Going into high school I was very confused about my sexuality. I was struggling to figure out who I was. When I was in 11th grade, I had started to undergo hormone replacement therapy. This was the first time I felt like I was doing something for me and only me. Even then, I wasn’t completely happy. I tried to commit suicide when I was in 11th grade. I left school, packed my bags and left home for a new start, and I changed my name to “Star.” I shared an apartment with another transgender person who I observed and tried to learn from.

My life was messed up. I self-medicated to feel and show love while filming. To me that was the only way I could portray that emotion.

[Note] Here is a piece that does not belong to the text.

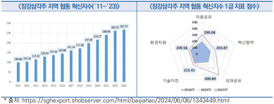 ○ 장강삼각주 지역 협동 혁신지수는 ′11년 100점에서 ′23년 267.57점으로 상승하였고, 연평균 성장률 8.55% 기록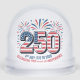Energetic fireworks burst behind the design, sending out red, white, and blue streaks and starbursts that amplify the excitement and commemorative energy. Clean vector lines and a bright flat white background make this a standout graphic.

I was never around Christian values, but I knew that my grandmother prayed and went to church. Personally I didn’t know anything about God. I remember saying prayer sometimes, but I didn’t know where or to whom those prayers were going.

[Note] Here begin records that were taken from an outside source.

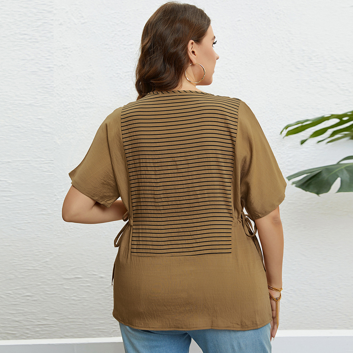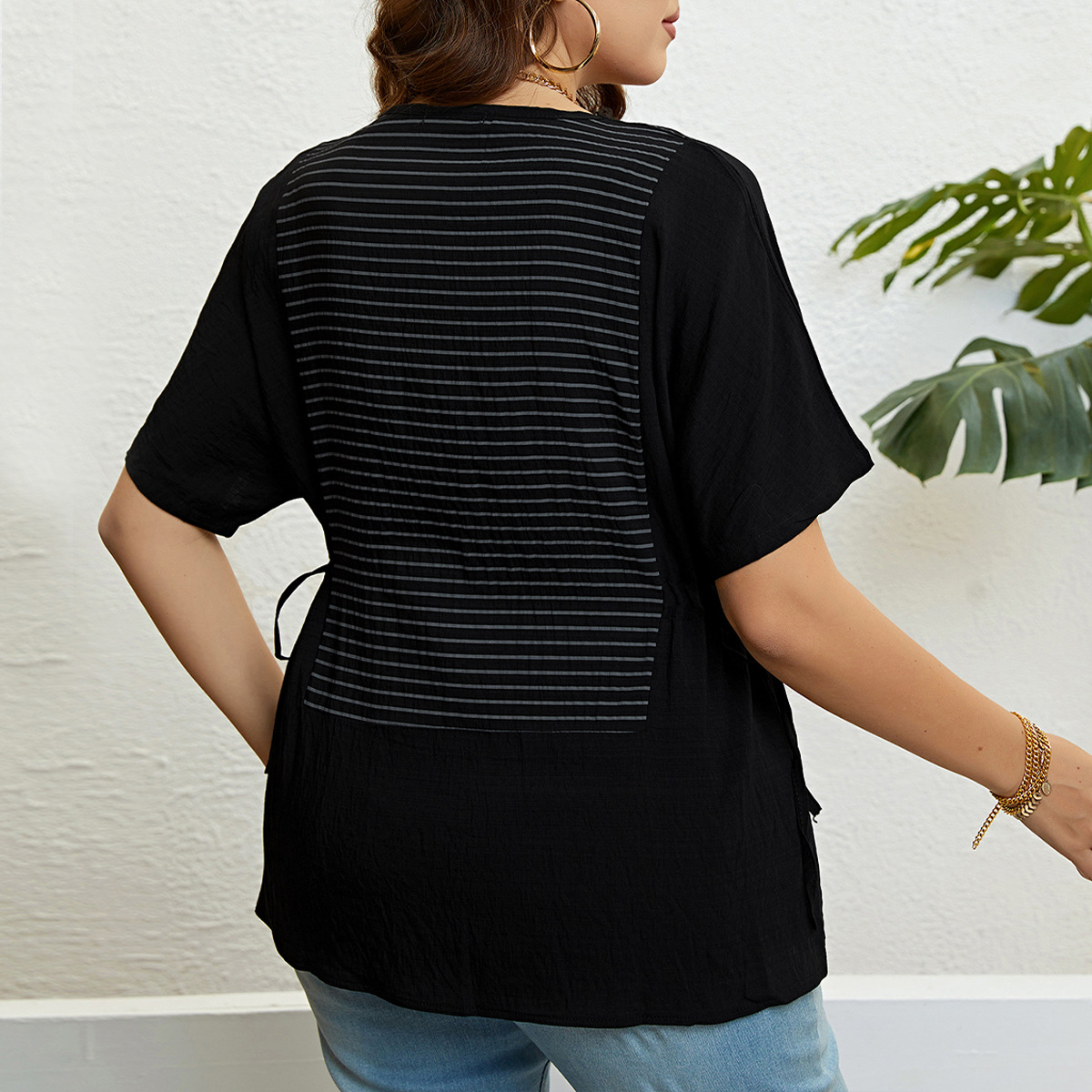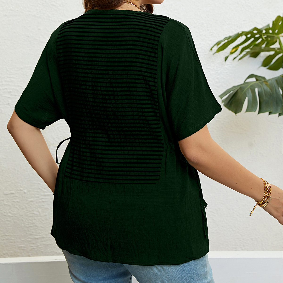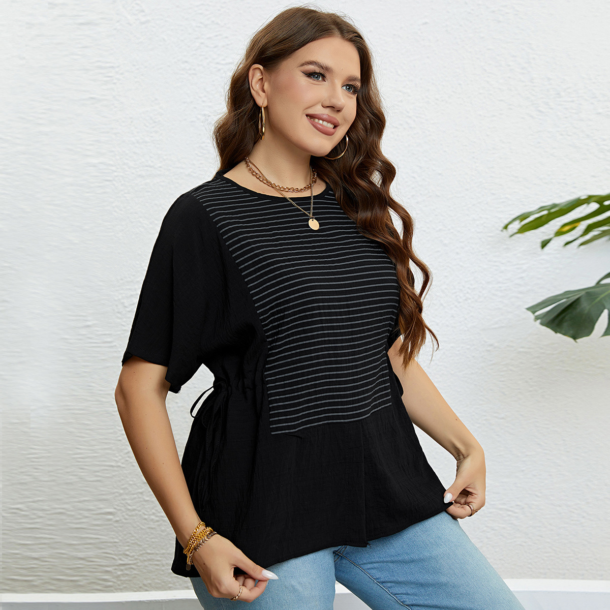 Summer round Neck Plus Size Girl Short Sleeve Slit Hemline Top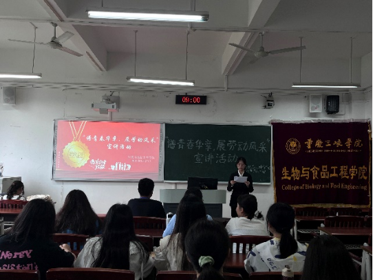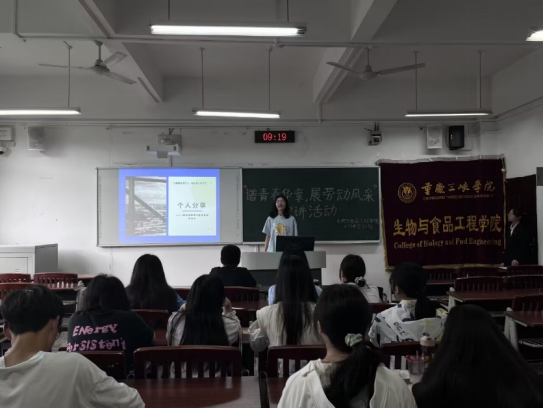 活动过程中,陈香玲、魏茂家等青年志愿者先进个人走上讲台,分享了他们自身的志愿服务经历、个人心得体会等方面,提到了结合公司专业特色能够开展丰富的劳动实践活动,如食品专业可以开展食品安全知识宣讲、园艺专业可以进行植物知识科普等,从专业实践角度出发给同学们讲好劳动故事、弘扬劳动精神。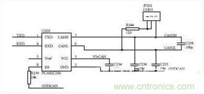 在电路中可根据整车要求,是否接入120Ω的终端电阻,当JP201跳线接1脚和2脚时,不接入电阻,当接2脚和3脚时,电阻接入。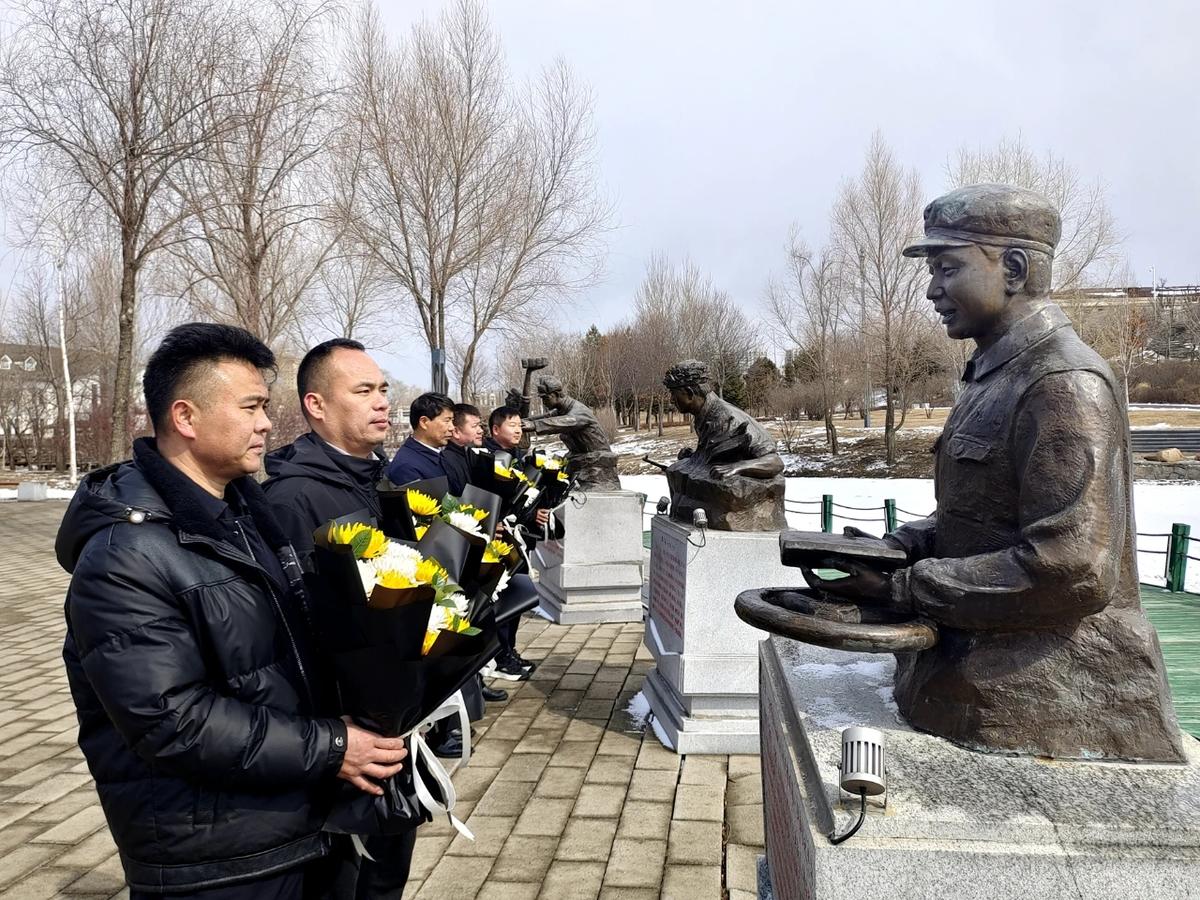 面对张思德、董存瑞、黄继光、邱少云、雷锋、苏宁、李向群、杨业功、林俊德、张超等10位英模雕塑,全体人员庄严肃立,追思英雄的丰功伟绩,了解英雄的先进事迹。在主持人的主持下,大家依次完成擦拭雕塑、敬献鲜花、全体默哀、致辞等祭奠环节。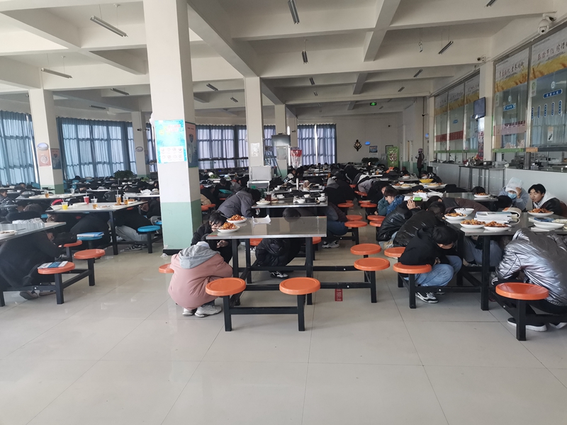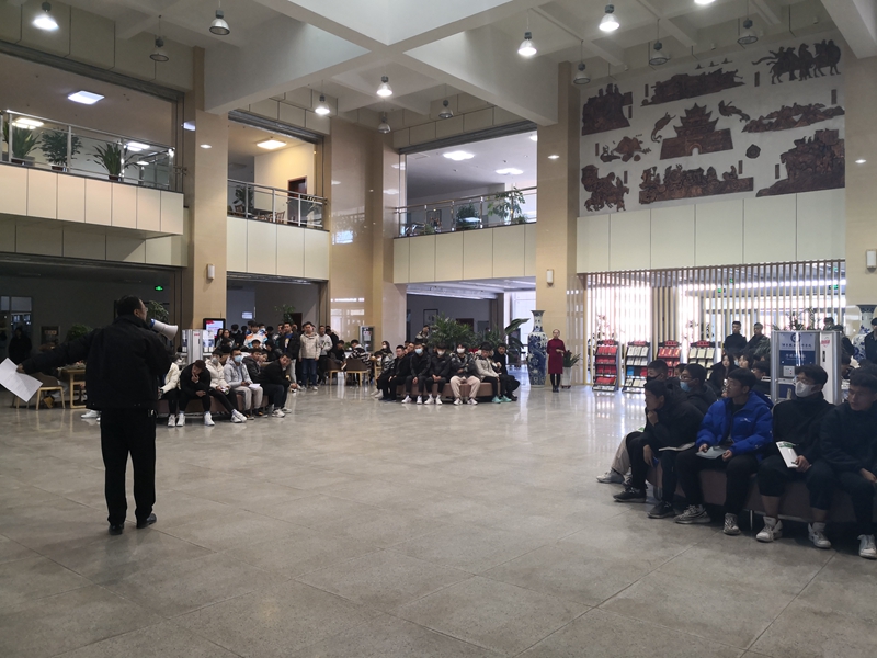 11月29日17:00,随着警报声响起,指挥长魏韡宣布演练开始,并用喇叭通知:“地震应急疏散演练开始,现在地震来袭,紧急避震”,同学们就近躲避在课桌下、床铺下,并用柔软物品保护头部。30秒后,主震结束,安全疏导员立即组织疏散,学生双手护头,迅速按照既定紧急疏散路线有序、安全撤离至指定安全地带,在校园空旷处集合整队、清点人数,统计被困师生人数,上报数据,并对受伤师生进行紧急医疗救治和简单伤情处理。此次演练采取分时段、分场地、分人员,依次开展,分别在教学楼、学生公寓、学生餐厅、图书馆、实训中心和体育馆等区域,在白天和晚上开展了避险科目和疏散科目的应急疏散演练。据统计,共有11000余名师生员工参与了此次应急疏散演练活动,达到了预期目的,取得了圆满成功。

The day I truly called on God, I was sitting under a bridge depressed and hurting; I just wanted my life to end at that moment, didn’t care how it ended, just as long as it ended. I sat by myself with one bar on my cell phone, I had no drinking water, no clothes but the ones I left home wearing, no food and I just felt sick. I started crying uncontrollably and hitting myself; all the while asking God to help me.  I cried myself to sleep under that bridge. I woke up the next morning with a mission to find nearest church that was open. I ended up at First Baptist Church and met a little frill lady who sat down with me and listen as I cried and talked. She showed me a folder with names of agencies that offered Christian based programs.

On a cold December morning of 2017, I walked into the front door of the Durham Rescue Mission and turned over my own self will; and in a small office off from the chapel, I surrendered my body, my mind, and all that I was in repentance to God. Because of God, I learned how to be a caring human being, an attentive student, a better son, brother, and uncle. I learned to walk different, talk different, to be a gentleman, a loyal Christian, more alert and on point, and how to manage my money.

Sometimes I look at my life as a puzzle with a thousand pieces that seem to take forever to put together. I don’t like to be that, but it is. My grandmother once told me that, “water doesn’t do nothing but rust iron and keep scales on fish.” the older I got, the more sense it made to me. She was telling me to grow up, and I could do anything or be somebody through Christ Jesus.